Hi Assaf, After all, the problem appears not to be total size of the history, but the size of the individual datasets. Now, histories which contain big datasets (>1GB) imported from Data Libraries causes the exporting process to crash. Can somebody confirm if this is a bug? I uploaded the datasets to a directory, which are then imported from that directory into a Data Library. Downloading data sets >1GB from a data library directly (as tar.gz) also crashes.
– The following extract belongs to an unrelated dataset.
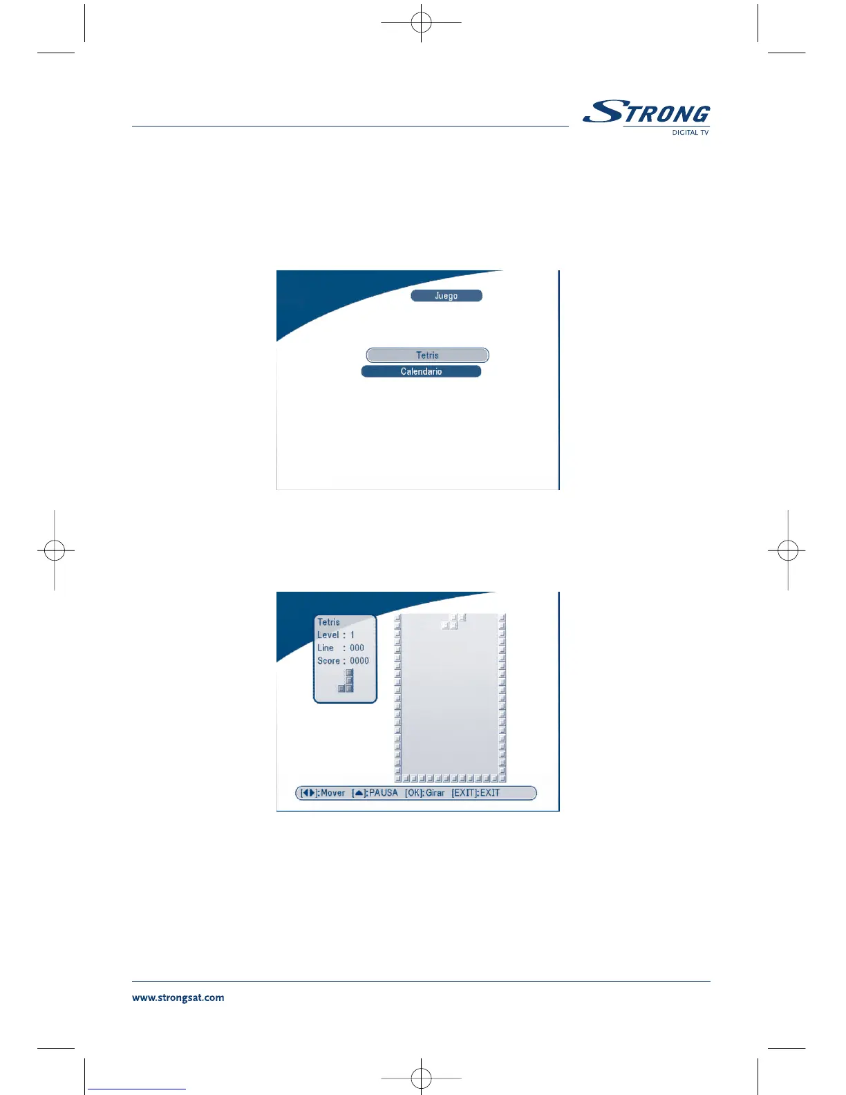 El receptor está dotado de un juego (Tetris) y un calendario.

Note: I have re-enabled abrt, but waiting for some jobs to be finished to restart. Cheers, Joachim. Joachim Jacob Rijvisschestraat 120, 9052 Zwijnaarde Tel: +32 9 244.66.34 Bioinformatics Training and Services (BITS) http://www.bits.vib.be @bitsatvib On Tue 26 Mar 2013 03:45:43 PM CET, Assaf Gordon wrote:
Hello Joachim,
Joachim Jacob | VIB | wrote, On 03/26/2013 10:01 AM:
abrt was filling the root directory indeed. So disabled it.
I have done some exporting tests, and the behaviour is not consistent.
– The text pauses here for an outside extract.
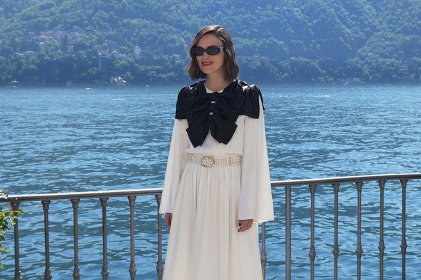 У білій сукні з чорними бантами: Кіра Найтлі відвідала показ Chanel в Італії

1. *size*: in general, it worked out for smaller datasets, and usually crashed on bigger ones (starting from 3 GB). So size is key? 2. But now I have found several histories of 4.5GB that I was able to export... So far for the size hypothesis.
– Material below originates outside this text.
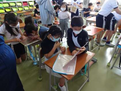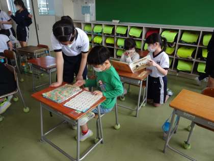 1年生教室に6年生がいます。1限目に、クロームブックを使ってアンケート回答をするために助けました。それが終わった子供から、読み聞かせをしたり、話し相手になったりしています。

Another observation: when the export crashes, the corresponding webhandler process dies.
A crashing python process crosses the fine boundary between the Galaxy code and Python internals... perhaps the Galaxy developers can help with this problem.
It would be helpful to find a reproducible case with a specific history or a specific sequence of events, then someone can help you with the debugging.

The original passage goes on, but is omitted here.